Одно лишь воспоминание об этом имени исторгло рыдание из ее сдавленной спазмом груди. Она негодовала на себя, она чувствовала себя виноватой. С презрением к себе она вспоминала о том, как легко поддалась его чарам в тот день на реке, как жалела в эти прошедшие месяцы о невозможности увидеть его вновь.
С самого начала это удивительное сочетание грубоватой мужественности и душевной тонкости показалось ей неправдоподобным.
Запомни, Лилли: что кажется, то обычно и бывает правдой.
Поздновато она усвоила этот ценный урок, и – увы! – применить его на практике у нее случая уже не будет, но все-таки запомнить стоило. Может быть, и его следовало вырезать на дверце кухонного шкафа, как заключенные оставляют послания на стенах камер?
Но у нее уже не было сил удержать в руке нож. Приступы кашля настолько измучили ее, что она не могла даже сесть. Запас ее жизненной энергии иссяк, не говоря уж о времени.
В умирании было, по крайней мере, одно преимущество: неразрешимые, казалось, вопросы наконец-то обрели ответы. Например, теперь она точно знала, что человек не переходит в мир иной в ослепительной вспышке света. Напротив, смерть подкрадывается как медленно наступающие сумерки. Тьма сгущается незаметно, обозрение сужается постепенно, пока не останется крошечная, как булавочный укол, точка света и жизни.
А потом абсолютная чернота поглощает все.
Лилли отчаянно всматривалась в непроглядную тьму, стараясь разглядеть Эми, но так и не увидела ее. Она вообще ничего не видела. Зато у нее обострился слух, и она услышала доносящийся издалека голос.
Это был голос ее отца. Она играла
– Лилли! Лилли!
Я иду, папочка.
Ей нетрудно было вообразить, как он стоит на их крыльце, приложив руки рупором ко рту, и взволнованно зовет ее, пока она не откликнулась и не сказала ему, что возвращается домой.
– Лилли!
Голос у него был испуганный. Он был в панике. В отчаянии.
Неужели он ее не слышит? Почему он ее не слышит? Она же ему отвечает!

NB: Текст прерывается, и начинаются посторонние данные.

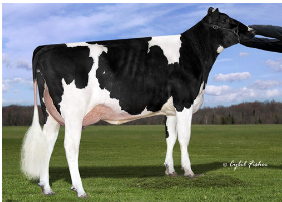
SIEMERS DENVER PARIS GRANDDAM

Я иду домой, папочка. Разве ты меня не видишь? Разве ты меня не слышишь? Я же здесь!
– Лилли! Лилли!
Одной рукой Тирни приподнял ее за плечи, а другой стукнул по спине. Сгусток слизи вылетел у нее изо рта и упал на одеяло, укрывавшее ее. Он снова ударил ее между лопаток и вытолкнул новый сгусток, потекший изо рта. Когда он отпустил ее, она опрокинулась обратно на диван. Ее голова безжизненно склонилась набок.
Тирни сорвал с себя перчатки и стал хлопать ее по щекам, успокаивая себя тем, что лицо у нее теплое. Это его рука была холодна, а не ее посеревшая кожа.
– Лилли!
Он дернул «молнию» на кармане куртки, в котором спрятал мешочек с ее лекарствами, бархатный зеленый мешочек, расшитый бисером, в точности как она описала. Когда он распустил горловину, пузырек с таблетками упал на пол и куда-то закатился, но он не стал наклоняться: его в первую очередь интересовали ингаляторы. Тирни лихорадочно просмотрел этикетки. С таким же успехом инструкции могли быть написаны по-гречески.
Из ее объяснений он помнил, что один из ингаляторов предотвращает приступы, а другой обеспечивает незамедлительное облегчение пациенту, страдающему тяжелым припадком. Но он не знал, который из них для чего предназначен.
Он протолкнул один короткий наконечник сквозь ее обескровленные губы, заставил ее разжать зубы и надавил на вакуумную крышечку.
– Лилли, дыши.
Она лежала совершенно неподвижно, не отвечая, серая, как смерть.
Тирни снова подхватил ее за плечи, снова поднял и яростно встряхнул.
– Лилли, дыши! Вдыхай. Я тебя очень, очень, очень прошу! Ну, давай, вдохни.
И она вдохнула. Лекарство сделало свое дело: мгновенно сняло мышечные спазмы, которые блокировали ее дыхательные пути.
Она сделала свистящий вдох. Еще один. Когда она вдохнула в третий раз, ее глаза открылись. Она взглянула на него и обхватила руками его руки, все еще державшие ингалятор у нее во рту. Он опять нажал на крышечку. Ее дыхание булькало, свистело. Это были ужасные звуки.
– Музыка для моих ушей, – прошептал Тирни.
Вдруг она оттолкнула ингалятор, закрыла рот руками и закашлялась.
– На. – Тирни схватил с другого дивана полотенце, которое прошлой ночью подкладывал себе под голову, и подал ей.
Лилли стала кашлять в полотенце. Кашель сотрясал все ее тело. Тирни, стоя перед ней на коленях, что-то ободряюще шептал.
Наконец пароксизм миновал. Лилли опустила испачканное полотенце, и Тирни забрал его. Она смотрела на него как завороженная, и он только теперь сообразил, что выглядит как пугало.